Ideally, liability rules would discourage violations of individuals’ rights without discouraging the productive enjoyment thereof. Economists try to strike this balance by assigning liability to the “least cost avoider”—the party for whom preventing or ameliorating rights-infringing activity is the cheapest.
It appears unlikely that AI tool providers are the least cost avoiders of securities law violations. If, for example, a registered securities firm, such as a broker-dealer, investment adviser, or investment company, uses a generic AI model, it is far likelier that the firm, not the model developer, would have an advantage in mitigating securities law risks—including through a dedicated compliance team.
It may be more tempting to view the AI provider as the least cost avoider when an individual, not a registered securities firm, uses the tool. But even when that person is no securities law expert, it is still probably cheaper for the individual to handle the legal issues than it would be for the AI provider. Paying for legal advice about a known and specific activity is usually going to be less expensive than devising a compliance program to guard against every possible permutation of securities violation.
This is not to say that policymakers cutting the Gordian knot of AI liability by putting model providers on the hook have nothing going for them. For instance, identifying a clearly liable party could present lower administrative costs for the legal system. Richard Epstein, professor at the New York University School of Law, writes of the “twin objectives” of legal rules: “reducing administrative costs” and “setting desirable incentives.” When these aims are in tension, though, Epstein observes that the question becomes “whether the savings in administrative costs is dissipated by the creation of inferior incentive structures.”
Making AI providers liable for securities violations generally would produce inferior incentives. Tyler Cowen, economist and professor at George Mason University, argues that “placing full liability on AI providers for all their different kinds of output, and the consequences of those outputs, would probably bankrupt them.” That would reduce valuable AI innovations that benefit securities market participants.
In addition, in situations where an AI user is directly responsible for a securities violation and the AI provider merely failed to prevent that violation, it still would be likely more enticing to launch enforcement and private actions against the AI provider wherever possible, as such a provider would tend to be a higher profile target with the seeming ability to pay a large judgment or settlement. For this reason, making AI firms liable for such securities violations would perversely have those companies regularly pick up the tab for the parties clearly and directly responsible for violations.

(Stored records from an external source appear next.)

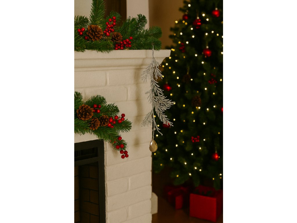 Tato elegantní třpytivá větvička působí slavnostně a díky jemnému lesku krásně odráží světlo svíček i vánočních řetězů. Spodní část je zdobena průhledným broušeným krystalem, který dodává dekoraci luxusní efekt.
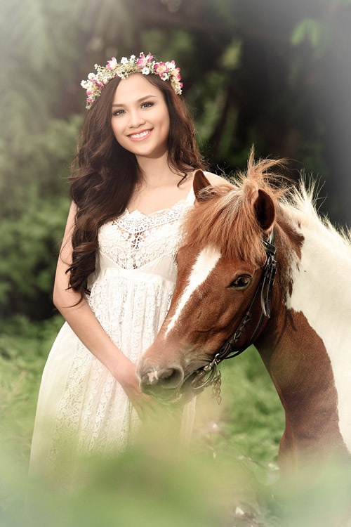 Đầu năm 2014, Hoa hậu Diễm Hương trông nữ tính và hoang dã hơn với concept chụp ảnh cùng ngựa. Bộ ảnh có concept chụp ngoài trời giúp cô khoe khéo vẻ đẹp trong trẻo, duyên dáng khi diện váy trắng, đội vòng hoa lãng mạn.
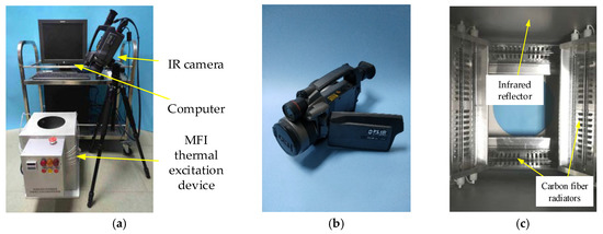 Active thermal sensing platform of glass curtain wall bonding structure damage detection. (a) Complete platform; (b) thermal imager; (c) crossed distribution of carbon fiber radiators.
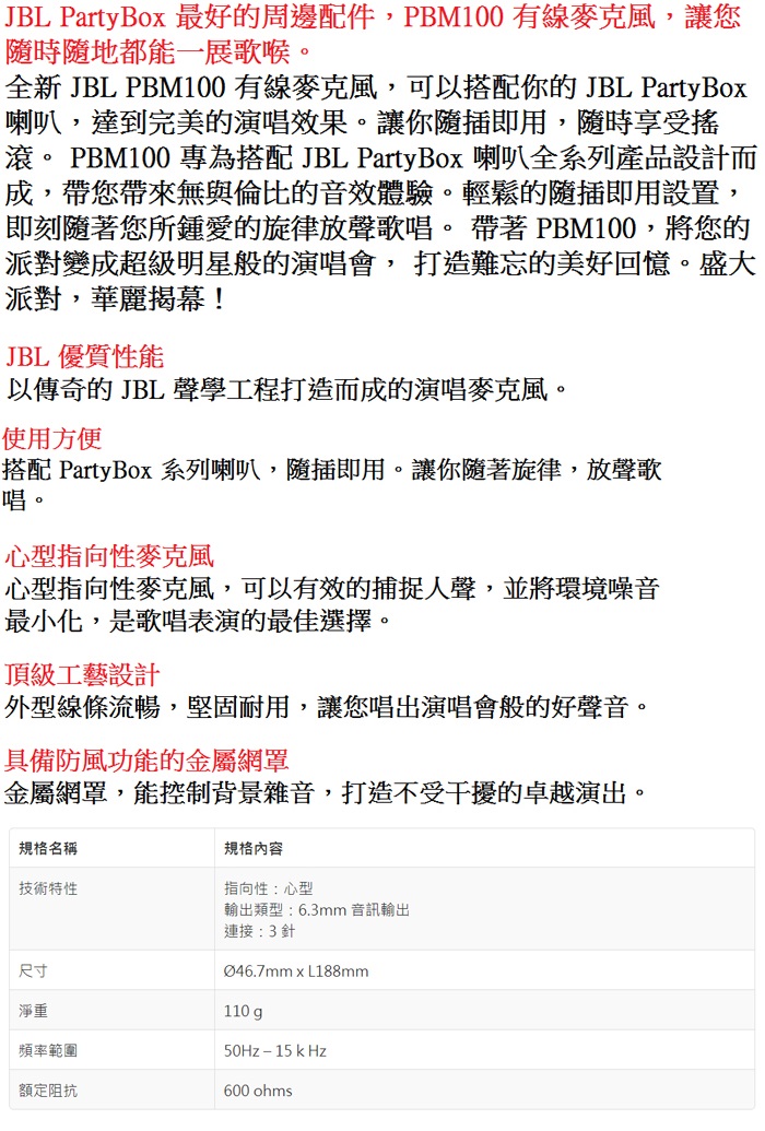 JBL PBM100 有線麥克風【英大公司貨保固】
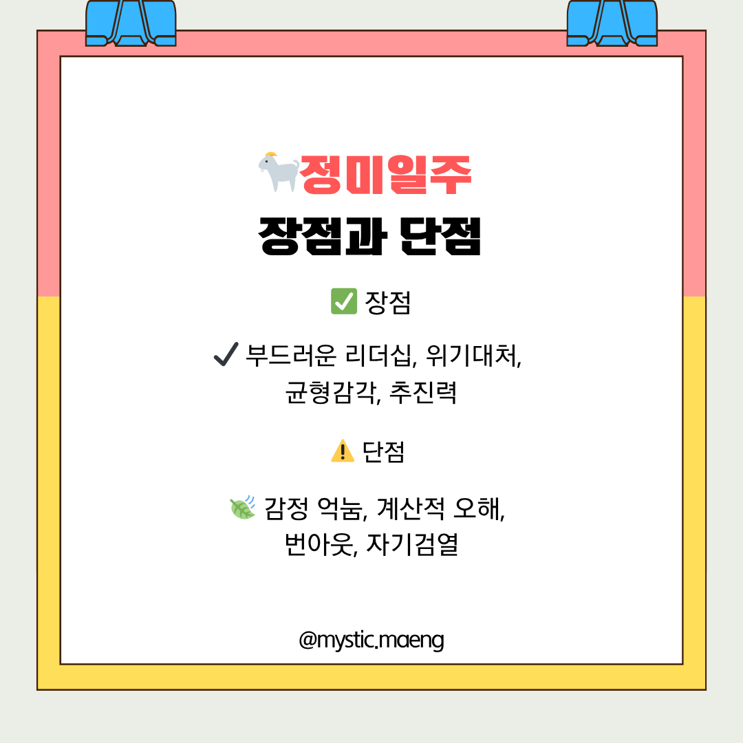 정미일주는 겉은 유연하지만 속은 불타는 현실 조율자.

AI provider liability for securities violations does not look any better through the lenses of the common law, such as products liability or agency law. Neither doctrine suggests universal AI provider liability for resulting harm is appropriate.
For one, in most of the United States, provider liability for faulty products only covers physical injuries to people and property, not “purely economic losses,” which would typically characterize securities violations. Moreover, important (but not uniformly applied) product liability considerations ask whether the user modified the product or used it in an abnormal fashion, either of which could forestall the provider’s liability. When a user prompts an AI tool to produce a securities violation, there is a reasonable argument that the user engaged in modification or abnormal use. At the very least, this is the type of argument that courts should consider.
Agency law reveals similar issues. The typical rule is that principals (on whose behalf agents act) are liable for acts of their agents that are within the scope of the agents’ employment. In the AI context, even if we assume that the AI provider could be the principal to the digital AI agent, there remains the question of whether the AI agent acted within the scope of “employment.” Because these questions are often litigated with mixed results, a liability regime that ignores them would clash with the time-tested subtleties of the common law.
Key principles of U.S. securities law also weigh against uniform AI provider liability. Specifically, securities laws have varying state of mind requirements. Notably, private fraud actions under the Securities Exchange Act and its implementing regulations have been interpreted by the Supreme Court to require allegations of the defendant’s “intent to deceive, manipulate, or defraud.” The FAIRR Act would circumvent such requirements by deeming the AI provider to have the relevant state of mind. Notably, a recent speech by U.S. Securities and Exchange Commission Chair Gary Gensler interpreted the FAIRR Act as proposing to impose a strict liability standard.
Undermining intent requirements not only would clash with existing law, but it would also reveal the inefficiency of placing blame with AI providers. State-of-mind requirements can, in part, codify important intuitions about whether a party was in any good position to avoid harms. For example, in asking whether harm was foreseeable, the tort law’s negligence standard essentially asks whether it would have made any sense for the defendant to act in a way that would have averted the harm. In removing, or at least downgrading, AI provider state-of-mind requirements for securities violations, the FAIRR Act would allocate liability for conduct in ways that have not previously made sense to policymakers or courts.
Grappling with liability questions in the age of AI is critical. But taking the lazy way out by blaming those building AI tools that all of us stand to benefit from is not the answer, particularly when doing so clashes with both economics and longstanding legal principles.